I thought for a moment and then said: “Fair enough. You know, sometimes conditions in the lungs can cause the breath to be bad. Let’s do a chest X-ray.” Even though I was certain that the yield on the X-ray would be small, I wanted to be able to tell her we had turned over every stone in search of the cause of Jerry’s nonproblem.
So even though Sandy was the only one who thought her husband’s breath was bad; even though Jerry had no symptoms, findings, or risk factors whatsoever; and even though his lungs had sounded clear when I listened to them at his first visit, I had my medical assistant walk him down the hall for the chest film.
Several minutes later my assistant put the X-ray up on the view box in my office. I took one look and had to suppress an expletive. Sitting in Jerry’s right midlung was a rounded density with a central cavity containing air and fluid. It was the radiographic signature of an abscess.
Amazingly, Jerry had been harboring a chronic infection in his right lung, but it had not been accompanied by any of the typical symptoms of an abscess—fever, cough, sputum production, sweats, and weight loss. He’d had none of them. None, that is, except for an odor on his breath. The smell of purulent sputum incubating deep within a lung may waft its way up the bronchial tree, resulting in serious halitosis. But in Jerry’s case the odor was so subtle that it took the exquisitely sensitive olfactory memory of his wife to pick up the change. The “ghosts” she smelled were real, and antibiotics were exactly what it was going to take to get rid of them.
Adding to my surprise was the fact that Jerry had none of the risk factors associated with a lung abscess. Among patients with intact immune systems (not compromised by HIV or chemotherapy, for example), lung abscesses occur most frequently in those with conditions that impair the swallowing mechanism and allow for the aspiration of food or saliva into the lungs. Disorders such as strokes or neurodegenerative disease and conditions that depress consciousness like alcoholism, seizures, and drug abuse can all predispose to oral contents “going down the wrong pipe.” When coupled with poor dental hygiene, which can lead to the buildup of bacteria, these disorders set people up for aspiration pneumonias, infections that can smolder and destroy normal lung tissue, literally rotting out a “dead zone” in the lung.

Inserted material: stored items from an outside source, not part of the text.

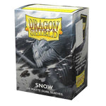 Classic and elegant, as white as snow. Dragon Shield Dual Matte sleeves. Clear front and a textured matte back. Fully opaque sleeves with a black interior, an elegant backdrop for black bordered cards. The sturdy cardboard box fits 75+ single sleeved cards or 65+ double sleeved cards.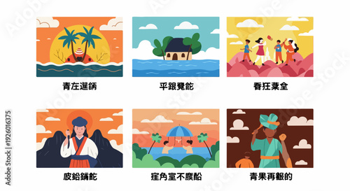 Vektorová sada divokých a domácích koní. Divocí koně cválají po horách, dostihy postrojů, jízda na koni zdarma a americké rodeo. Plochý design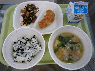牛乳、わかめご飯、鶏の唐揚げ、大豆の磯煮、野菜椀
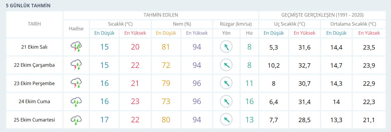 - Seferihisar: Parçalı ve çok bulutlu, sağanak ve gök gürültülü sağanak yağışlı. Yağışlar kuvvetli, 20°C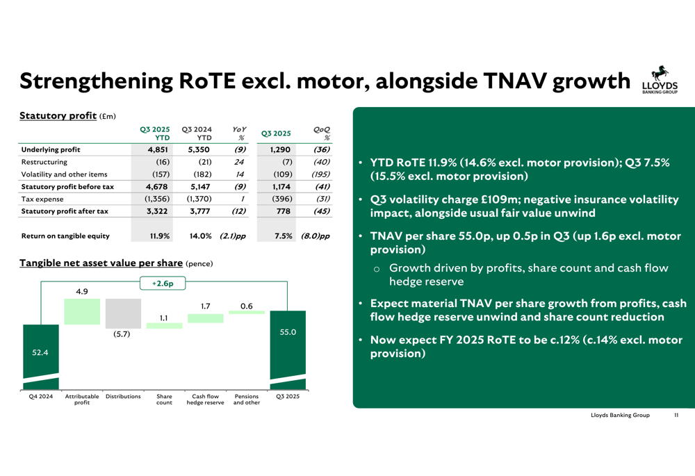 The motor finance provision significantly impacted the bank’s return on tangible equity (RoTE), which stood at 7.5% for Q3. However, excluding this provision, Q3 RoTE would have been 15.5%, demonstrating the underlying strength of the business.

But in a small number of cases, lung abscesses may arise in the absence of any identifiable risk factor. It is possible that Jerry had a congenital anomaly in his bronchial tree that led to the pooling of mucus, and eventually to infection, but it is impossible to know for certain.
In the pre-antibiotic era, lung abscesses were fatal one-third of the time and left another third with lifelong debilitating lung disease. The introduction of lobectomy, the surgical removal of part of the lung, improved these numbers, but an extended course of antibiotics long ago replaced surgery as the mainstay of treatment for these infections.
In consultation with an infectious-disease expert, I started Jerry on clindamycin, a potent antibiotic effective against the anaerobic (non-oxygen-consuming) bacteria that most frequently populate this type of infected cavity. After six weeks, an X-ray showed the abscess had shrunk down to a stable and probably permanent scar on Jerry’s lung. There was no reason to expect any recurrence. But had Jerry’s abscess gone undiagnosed, it might well have continued to grow and could have eventually necessitated the surgical removal of part of his lung.
At a visit shortly after finishing the antibiotic course, Jerry told me he had gained new respect for both his wife’s dogged persistence and her uniquely talented nose. Then he said he was considering adding a bit to his stand-up routine about hiring his wife out to the bomb squad at the Los Angeles International Airport. “Or,” I suggested, “maybe you could just get her a bouquet of sweet-smelling flowers and take her out to a nice dinner.”
H. Lee Kagan is a internist in Los Angeles. The cases described in Vital Signs are real, but names and certain details have been changed.